[Records from a data source]
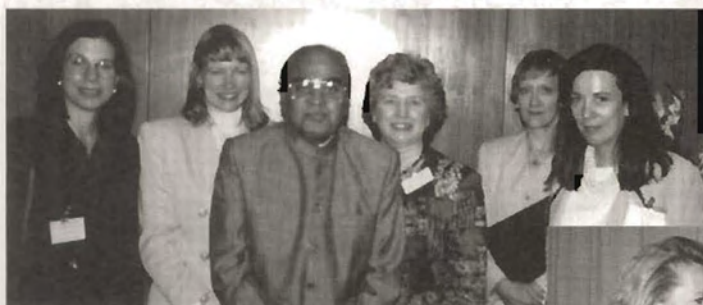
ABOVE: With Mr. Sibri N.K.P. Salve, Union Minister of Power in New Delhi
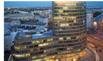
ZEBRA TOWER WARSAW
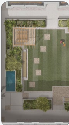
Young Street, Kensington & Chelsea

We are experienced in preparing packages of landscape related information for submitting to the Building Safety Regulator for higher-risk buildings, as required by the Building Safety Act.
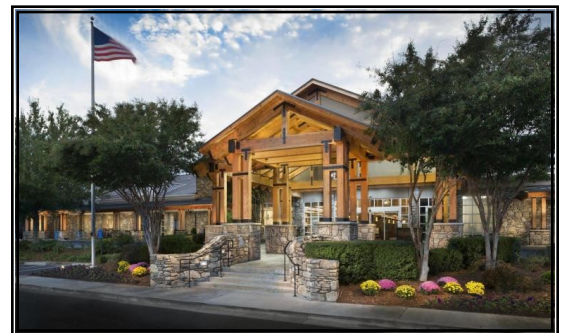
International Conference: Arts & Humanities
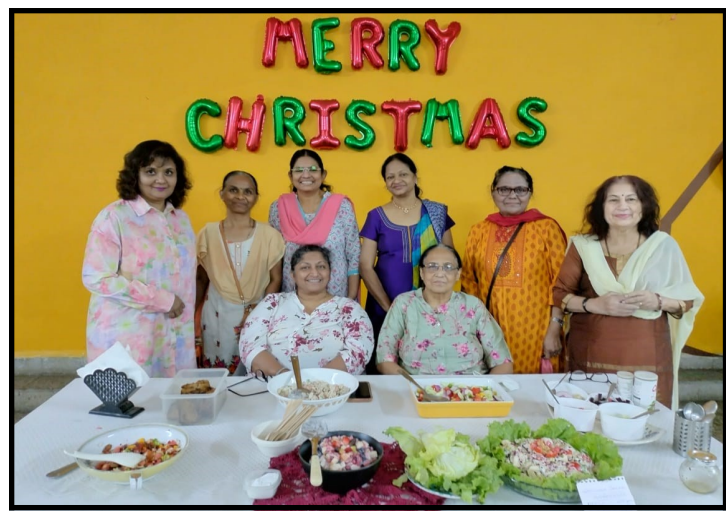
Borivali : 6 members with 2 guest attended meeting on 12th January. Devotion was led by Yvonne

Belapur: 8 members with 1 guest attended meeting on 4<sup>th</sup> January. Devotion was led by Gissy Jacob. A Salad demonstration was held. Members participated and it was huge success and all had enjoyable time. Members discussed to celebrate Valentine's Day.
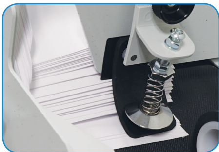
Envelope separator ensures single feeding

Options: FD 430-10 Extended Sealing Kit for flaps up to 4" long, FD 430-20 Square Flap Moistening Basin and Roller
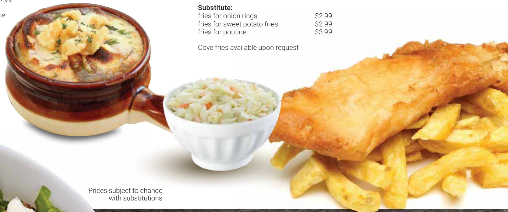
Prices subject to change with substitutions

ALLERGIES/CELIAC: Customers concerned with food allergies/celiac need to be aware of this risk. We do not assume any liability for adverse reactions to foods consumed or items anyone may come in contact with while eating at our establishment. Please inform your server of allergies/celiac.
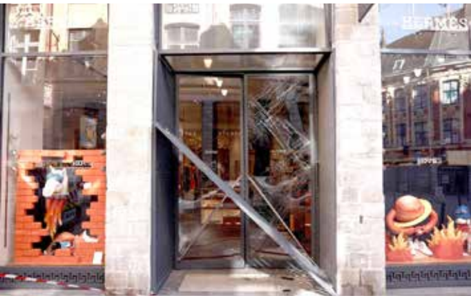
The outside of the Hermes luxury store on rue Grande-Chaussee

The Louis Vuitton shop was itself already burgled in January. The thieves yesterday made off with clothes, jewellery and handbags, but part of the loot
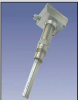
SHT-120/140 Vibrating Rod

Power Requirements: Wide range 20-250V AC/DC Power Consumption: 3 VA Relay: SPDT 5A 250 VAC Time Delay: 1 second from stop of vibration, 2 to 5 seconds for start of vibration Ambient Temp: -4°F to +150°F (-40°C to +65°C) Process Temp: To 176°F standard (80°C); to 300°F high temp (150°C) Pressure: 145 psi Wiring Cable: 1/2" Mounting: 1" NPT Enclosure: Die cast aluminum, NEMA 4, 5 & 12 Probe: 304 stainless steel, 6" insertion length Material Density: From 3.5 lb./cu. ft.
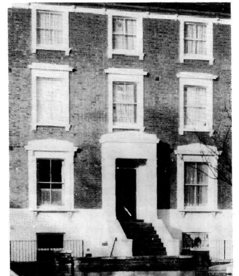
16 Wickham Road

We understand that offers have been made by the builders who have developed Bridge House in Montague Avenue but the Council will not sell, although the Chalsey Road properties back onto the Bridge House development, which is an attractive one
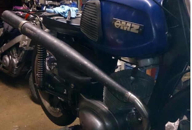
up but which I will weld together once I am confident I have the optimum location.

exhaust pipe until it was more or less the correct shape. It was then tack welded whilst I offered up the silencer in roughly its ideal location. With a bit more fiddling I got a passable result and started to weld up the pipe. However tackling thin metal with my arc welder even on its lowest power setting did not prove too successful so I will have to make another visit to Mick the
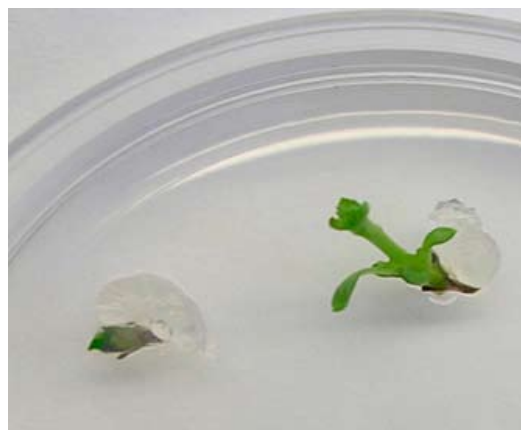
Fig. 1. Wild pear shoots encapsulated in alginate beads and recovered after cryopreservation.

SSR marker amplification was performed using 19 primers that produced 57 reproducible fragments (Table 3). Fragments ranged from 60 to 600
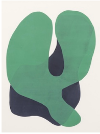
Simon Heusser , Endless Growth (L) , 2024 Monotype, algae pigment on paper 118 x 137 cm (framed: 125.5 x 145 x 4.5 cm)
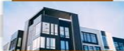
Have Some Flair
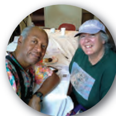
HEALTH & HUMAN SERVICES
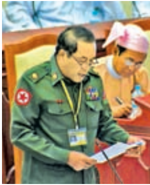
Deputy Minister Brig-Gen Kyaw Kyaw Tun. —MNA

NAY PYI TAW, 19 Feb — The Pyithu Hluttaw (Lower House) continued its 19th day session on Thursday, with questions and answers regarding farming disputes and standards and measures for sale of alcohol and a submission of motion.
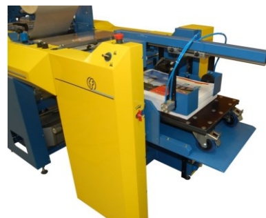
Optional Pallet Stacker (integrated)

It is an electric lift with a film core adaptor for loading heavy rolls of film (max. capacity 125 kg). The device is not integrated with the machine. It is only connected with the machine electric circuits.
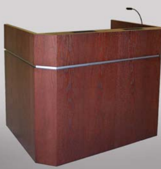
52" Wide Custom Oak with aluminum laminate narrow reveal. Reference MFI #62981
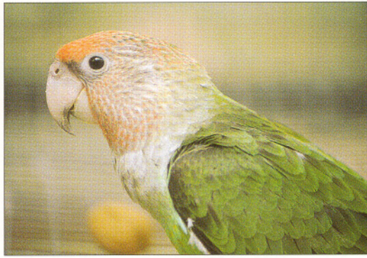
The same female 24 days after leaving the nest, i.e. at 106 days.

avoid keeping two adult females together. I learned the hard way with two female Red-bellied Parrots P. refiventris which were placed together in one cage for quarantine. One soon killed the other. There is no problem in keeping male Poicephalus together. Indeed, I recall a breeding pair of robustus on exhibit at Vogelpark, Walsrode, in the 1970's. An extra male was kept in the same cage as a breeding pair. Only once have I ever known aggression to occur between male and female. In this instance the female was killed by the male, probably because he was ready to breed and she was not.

**EXERCISE AIM**
Scan the entries above and copy each line where "that" occurs.

**WRITTEN RESPONSE**
We understand that offers have been made by the builders who have developed Bridge House in Montague Avenue but the Council will not sell, although the Chalsey Road properties back onto the Bridge House development, which is an attractive one
SSR marker amplification was performed using 19 primers that produced 57 reproducible fragments (Table 3). Fragments ranged from 60 to 600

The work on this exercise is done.